Эту эволюцию можно легко проследить по ретроспективному отделу моей выставки. Это борьба с материалом и постоянное преодоление его.
Если масляная живопись работает на контрастах, сопоставляя самые яркие и самые противоположные цвета, то акварель работает в одном тоне и светотени. К акварели больше, чем ко всякой иной живописи, применимы слова Гете{5}, которыми он начинает свою «теорию цветов», определяя ее, как трагедию солнечного луча, который проникает через ряд замутненных сфер, дробясь и отражаясь в глубинах вещества. Это есть основная тема всякой живописи, а акварельной по преимуществу.
Ни один пейзаж из составляющих мою выставку не написан с натуры, а представляет собою музыкально-красочную композицию на тему киммерийского пейзажа. Среди выставленных акварелей нет ни одного «вида», который бы совпадал с действительностью, но все они имеют темой Киммерию. Я уже давно рисую с натуры только мысленно.
Я пишу акварелью регулярно, каждое утро по 2–3 акварели, так что они являются как бы моим художественным дневником, в котором повторяются и переплетаются все темы моих уединенных прогулок. В этом смысле акварели заменили и вытеснили совершенно то, что раньше было моей лирикой и моими пешеходными странствованиями по Средиземноморью.
Вообще в художественной самодисциплине полезно всякое самоограничение <:> недостаток краски, плохое качество бумаги, какой-либо дефект материала, который заставляет живописца искать новых обходных путей и сохранить в живописи лишь то, без чего нельзя обойтись. В акварели не должно быть ни одного лишнего прикосновения кисти. Важна не только обработка белой поверхности краской, но и экономия самой краски, как и экономия времени. Недаром, когда японский живописец собирается написать классическую и музейную вещь, за его спиной ассистирует друг с часами в руках, который отсчитывает и отмечает точно количество времени, необходимое для данного творческого пробега. Это описано хорошо в «Дневнике» Гонкуров{6}. Понимать это надо так: вся черновая техническая работа уже проделана раньше, художнику, уже подготовленному, надо исполнить отчетливо и легко свободный танец руки и кисти по полотну. В этой свободе и ритмичности жеста и лежат смысл и пленительность японской живописи, ускользающие для нас – кропотливых и академических европейцев. Главной темой моих акварелей является изображение воздуха, света, воды, расположение их по резонированным и резонирующим планам.
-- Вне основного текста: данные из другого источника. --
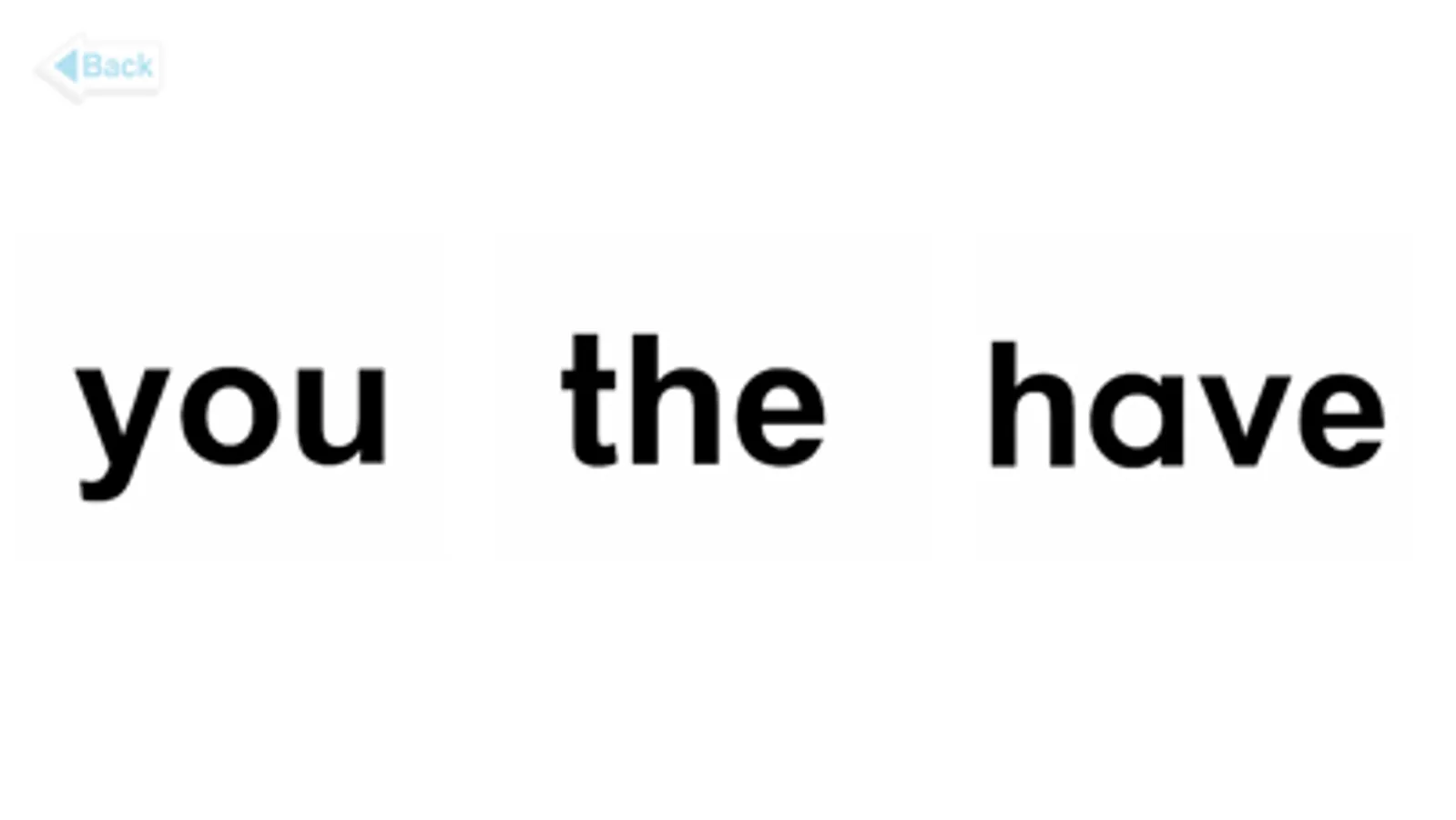 Three sight words appear on screen. The narrator calls out the name of a sight word, and when your child taps the correct sight word it transforms into the character from the award-winning Meet the Sight Words 1 DVD. Large sight word characters make it easy for little fingers to tap, and fun celebratory music in each scene encourages them to play over and over again!
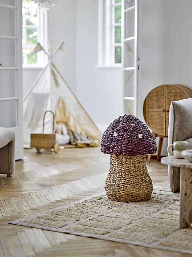 Upptäck Bloomingville Corintha korg, en charmig och multifunktionell förvaringslösning för barnrummet. Denna korg är utformad som en dekorativ svamp, vilket gör den till ett lekfullt inslag i varje rum. Tillverkad av slitstarkt sjögräs, bjuder den på en naturlig känsla och hållbarhet.
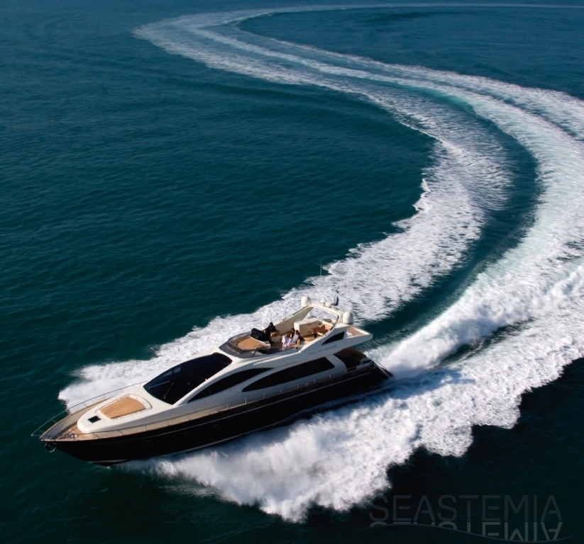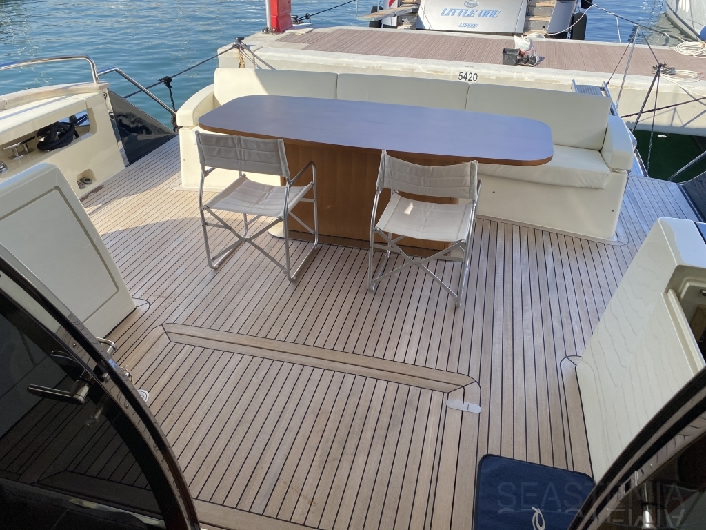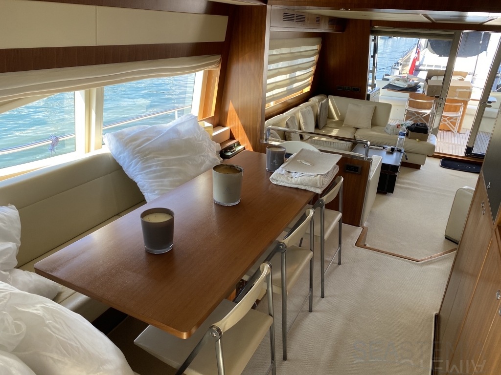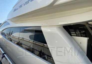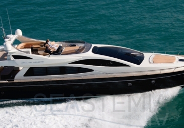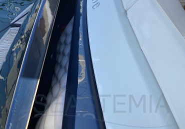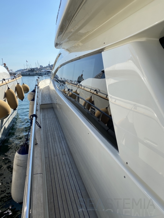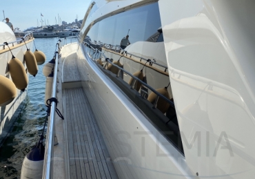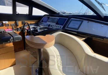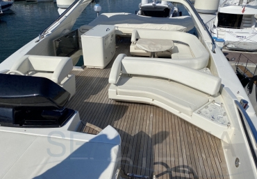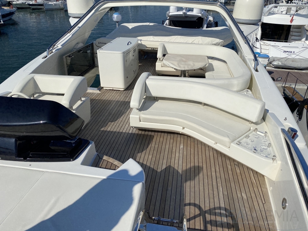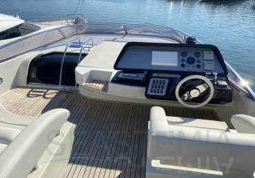This boat is equipped with a stabilizer, cockpit controls (front and rear thruster), a jet ski park and a 385 jet tender!

В методе подхода к природе, изучения и передачи ее я стою на точке зрения классических японцев (Хокусаи, Утамаро), по которым я в свое время подробно и тщательно работал в Париже в Национ<альной> Библиотеке, где в Галерее эстампов имеется громадная коллекция японской печатной книги – Теодора Дерюи{7}. Там <у меня> на многое открылись глаза, например, на изображение растений. Там, где европейские художники искали пышных декоративных масс листвы (как у Клода Лоррена{8}), японец чертит линию ствола перпендикулярно к линии горизонта, а вокруг него концентрические спирали веток, в свою очередь окруженных листьями, связанными с ними под известным углом. Он не фиксирует этой геометрической схемы, но он изображает все дефекты ее, оставленные жизнью на живом организме дерева, на котором жизнь отмечает каждое отжитое мгновенье.
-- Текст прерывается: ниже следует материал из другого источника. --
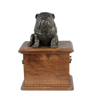 Wykonana ręcznie urna z drewna brzozowego, cechuje się klasycznym wzornictwem i ozdobiona jest estetycznymi wieńcami. Wyposażona jest w wygodne, mosiężne uchwyty. Elegancka statuetka w postaci siedzącego psa, wykonana z wysokiej jakości żywicy, łączy w sobie urok i styl. Trwale zamocowana do wieczka urny figurka nada jej niepowtarzalnego wdzięku, czyniąc urnę tym samym nie tylko pięknym miejscem spoczynku dla Twojego czworonoga, ale także wyjątkową ozdobą Twojego domu.
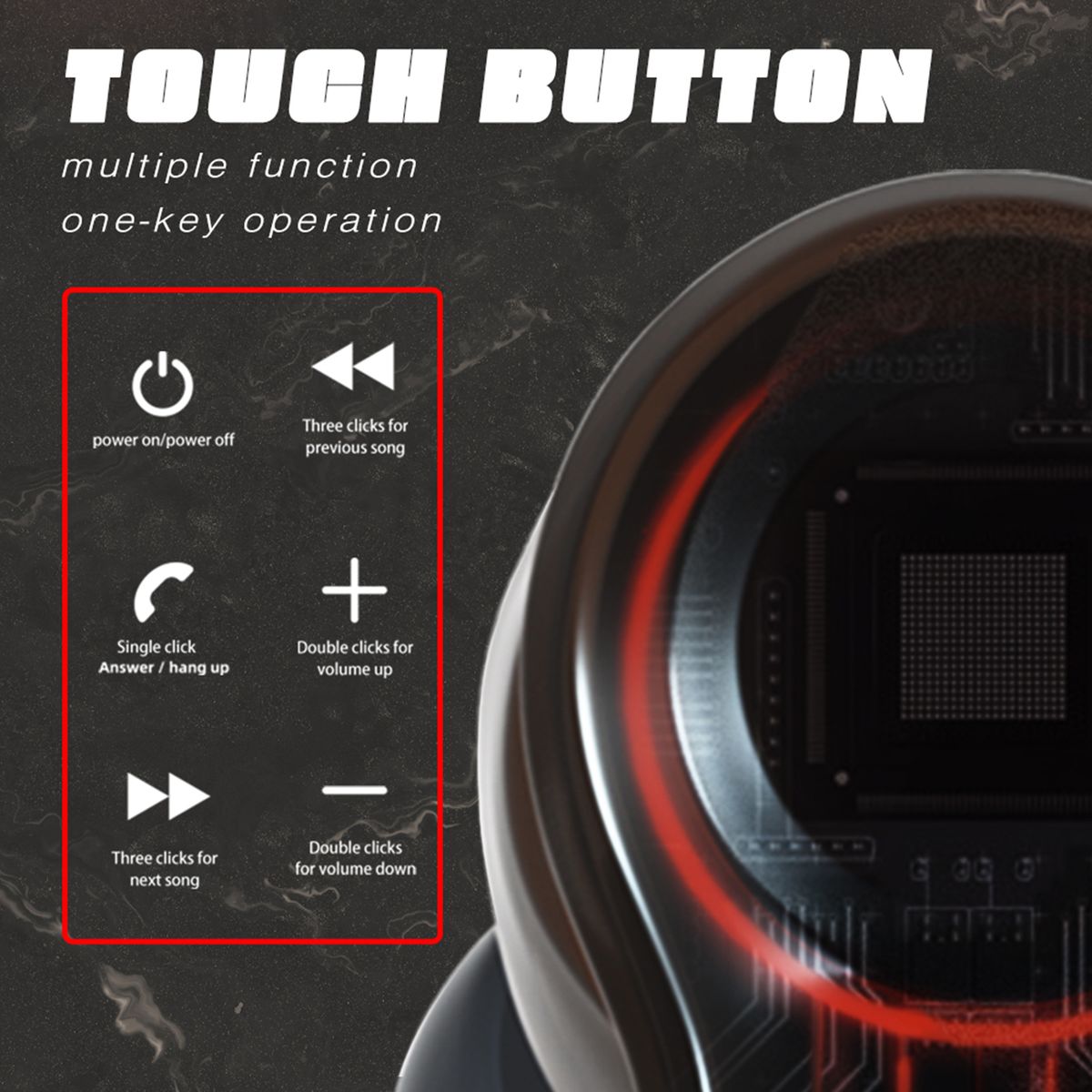 Touch control of turn on/off, answer/hangup, last/next song, volume increase/decrease.
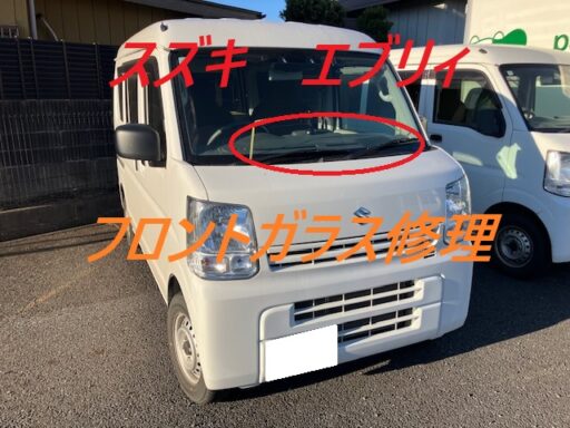 千葉市|千葉市若葉区|佐倉市|スズキ エブリィ フロントガラス 板金 鈑金 修理 キズ へこみ キズ修理 へこみ修理 取替 交換 保険 保険修理
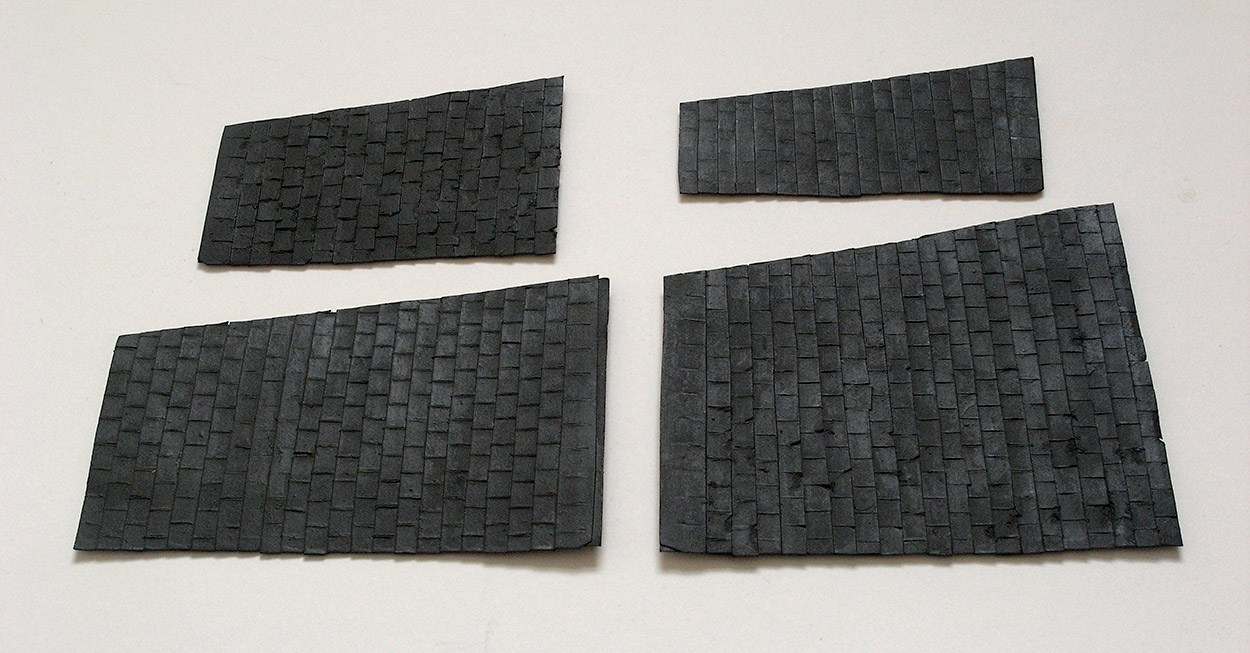 To create the roof, a piece of card was cut to the size and shape of each of the four roof sections. These were covered with strips of card to represent the tiles (as described in this blog). Last time I did this the card warped and the roof wasn’t a snug fit to the building. After reading the blog a couple of people wrote to me with advice for solving the problem. Chris Seago suggested adding a piece of card to the interior of the model, and Chris O’Donoghue suggested painting both sides of the card. This time I did both of these things and the roof components are much flatter. Many thanks for the suggestions guys!
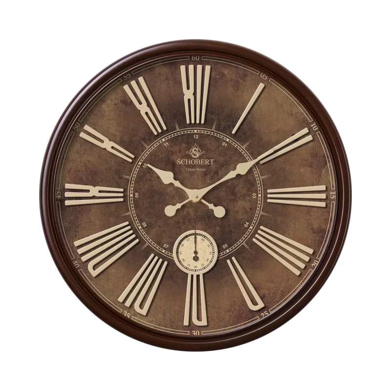 ساعت دیواری شوبرت مدل ۶۴۳۳، نماینده تمام عیار سبک کلاسیک است که با بدنه چوبی قهوهای رنگ و قطر ۶۰ سانتیمتری، حضورش را در هر محیطی به رخ میکشد. صفحه ساعت با طرح پتینه قهوهای و اعداد یونانی (رومی) برجسته به رنگ کرم، حس نوستالژی و اصالت را به فضای شما هدیه میدهد.

Таким образом, каждое изображение является в искусстве как бы рядом зарубок, сделанных на коре дерева. Чтобы иметь возможность отличать «дефекты» от нормального роста, художник должен знать законы роста. Это сближает задачи живописца с задачами естественника. Раз мы это поняли и приняли, мы не можем отрицать, что в истории европейской живописи в эпоху Ренессанса произошел горестный сдвиг и искажения линии нормального развития живописи. Точнее, этот сдвиг произошел не во времена Ренессанса, а в эпоху, непосредственно за ним последовавшую. При Ренессансе опытный метод исследования был прекрасно формулирован Леонардо. Но на го́ре живописцев этот метод не был тогда же воспринят наукой, а был принят два поколения спустя в формулировке не художника, а литератора Фр. Бекона{9}. Это обстоятельство обусловлено, конечно, самим складом европейского сознания.
Таким образом, экспериментальный метод попал из рук людей, приспособленных и природой и профессией к эксперименту, к опыту и наблюдению, в руки людей, конечно, способных к очень точному наблюдению, но никогда не развивавших и не утончавших своих естественных чувств восприятия, что привело прежде всего к горестному дискредитированию «очевидности», но через это и к неисправимому разделению путей искусства и науки.
Правда, в области научного познания это привело к созданию различных механических приспособлений для точного определения мер и веса.
В свое время Ренессанс еще до раздвоенности науки и искусства создал различные дисциплины для потребностей живописцев: художественную перспективу и художественную анатомию. Но в наши дни художник напрасно будет искать так необходимых ему художественной метеорологии, геологии, художественной ботаники, зоологии, не говорю уже о художественной социологии. Правда, в некоторых критических статьях, например, у Рескина есть нечто, заменяющее ему эти нехватающие дисциплины (в статьях о Тернере), но ничего по существу вопроса еще не существует в литературе.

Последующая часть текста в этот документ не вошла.